Elijah shrugged. “The billboard over Interstate 15.”

“That billboard is the bane of my existence.” She realized how this sounded. “Not that I care you know what my day off is. I mean, not that I mind.”

Unlike Rob, who would have insulted her at this point, Elijah actually helped her out of the conversational hole she was digging for herself. “Big plans for your day off ?”

“Small plans. I make the rounds of the other casinos to see their shows. Ha, exactly what I invited you to seven years ago.” She knew she shouldn’t pursue their friendship. Two people off their medication for MAD were surely more than twice as dangerous as one. But she felt a connection with him, and she simply couldn’t let it end. “Would you like to go with me? Tomorrow? To see some magic?”

“I’m off tomorrow, too,” he said. “I’m going out of town.”

“Oh” was all she said, sheepishly. The darkness in his voice advised her not to ask where he was going.

“But thank you,” he said. “It’s very nice of you to ask.”

“Sure,” she said faintly, wishing he would follow that up with one sentence more, an invitation to take her out the day after. He didn’t. Her too-vivid imagination had led her to believe he might still be interested in her after all these years. He wasn’t. As casually as possible, she removed her hand from his knee and settled it in her own lap.

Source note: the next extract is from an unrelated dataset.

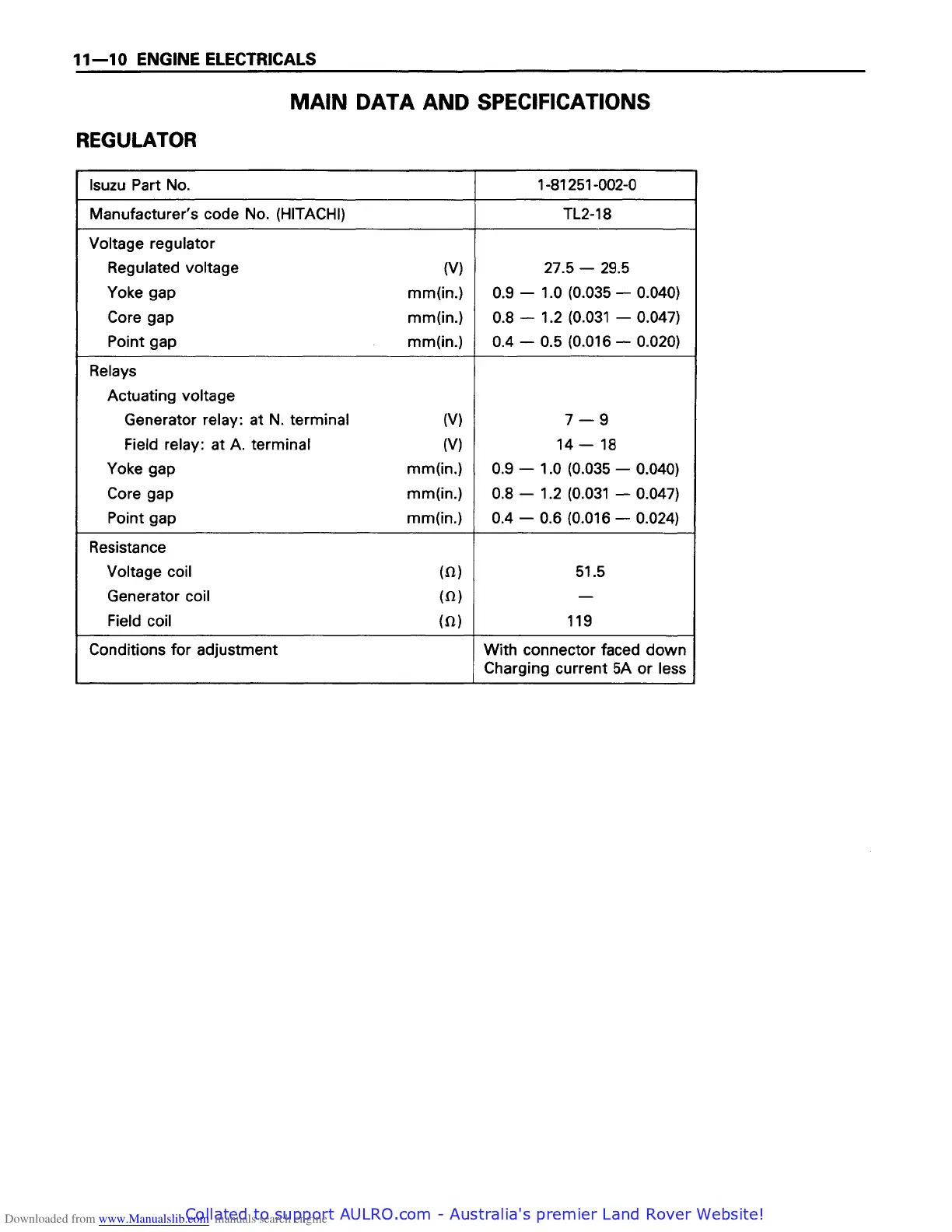 Isuzu 4BB1 - Regulator Main Data and Specifications

She empathized just a little with Rob, who liked her more than she liked him, and didn’t want to take no for an answer. She thought about reaching over, sliding both hands into Elijah’s hair, and kissing him.

He touched his lip.

Her startled heart kicked into overdrive, then checked itself and powered down. The spell was broken now. The newness had worn off. They weren’t surrounded by Glitterati’s pumping music and blinking lights and transvestites, and she realized he wasn’t touching his lip because she was thinking about kissing him. Instead, the reverse was true. She was thinking about kissing him because he kept touching his lip. She should buy him some lip balm.

He snapped her out of her thoughts by asking, “We’re coming up on your stop, right?”

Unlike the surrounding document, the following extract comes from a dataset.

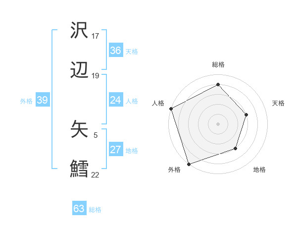 沢辺 矢鱈さんを姓名の画数から五運を鑑定

She checked the nearest street sign out the window in the dark. “We are.” She wondered how he knew where she lived. He must have come across her address in the employee directory. At any rate, he wanted to get rid of her, and she didn’t blame him. People with MAD shouldn’t hang out together. Slipping her arm through the strap of her purse, she said, “I meant to ask you how you’re doing without . . . you know.”

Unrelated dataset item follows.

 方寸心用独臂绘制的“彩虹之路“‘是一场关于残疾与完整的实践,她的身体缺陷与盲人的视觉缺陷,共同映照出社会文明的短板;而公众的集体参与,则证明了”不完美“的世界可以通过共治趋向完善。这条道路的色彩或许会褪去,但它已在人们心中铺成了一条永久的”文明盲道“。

“So far so good.” He met her gaze head-on, but something in his tone let her know he was far gone, and it wasn’t good. However, if he wouldn’t tell her about it, she couldn’t help him. She couldn’t help him anyway, she realized. Not without her own prescription refilled. And it was time she let go of her fantasies about Elijah and got off this bus.

In anticipation of her stop, she scooted to the edge of the seat. “You know what? You never answered my question. Your house is in the other direction. What are you doing on my bus?”

He looked slowly and deliberately around the bus: at the woman muttering to herself in the very back, a middle-aged couple talking excitedly about their winnings a few seats ahead of them, a dealer and a waitress in uniform near the front. Finally he leaned close to her—so close to her shoulder that awareness rushed across her all over again—and whispered, “I’m kidnapping you.”

They stared at each other for what seemed like a long time while the air between them vibrated with shared energy. Holly had the slightest suspicion that Elijah was serious, and that he was crazy. She didn’t want to be kidnapped by a crazy Elijah. Neither should she want to be pretend kidnapped by a sane Elijah. Almost against her will, she found herself saying, “That sounds like fun.”

Just as in Glitterati three nights before, his pupils dilated, expanding to the very edges of his intense green irises before bouncing back ever so slightly.

Her body stiffened with shock at a movement from the bulging pocket of his jeans, where he’d slipped his hand.

“No, Holly,” he said gently, “I’m serious. Don’t move, don’t scream, but I have a gun, and it’s pointed at you.”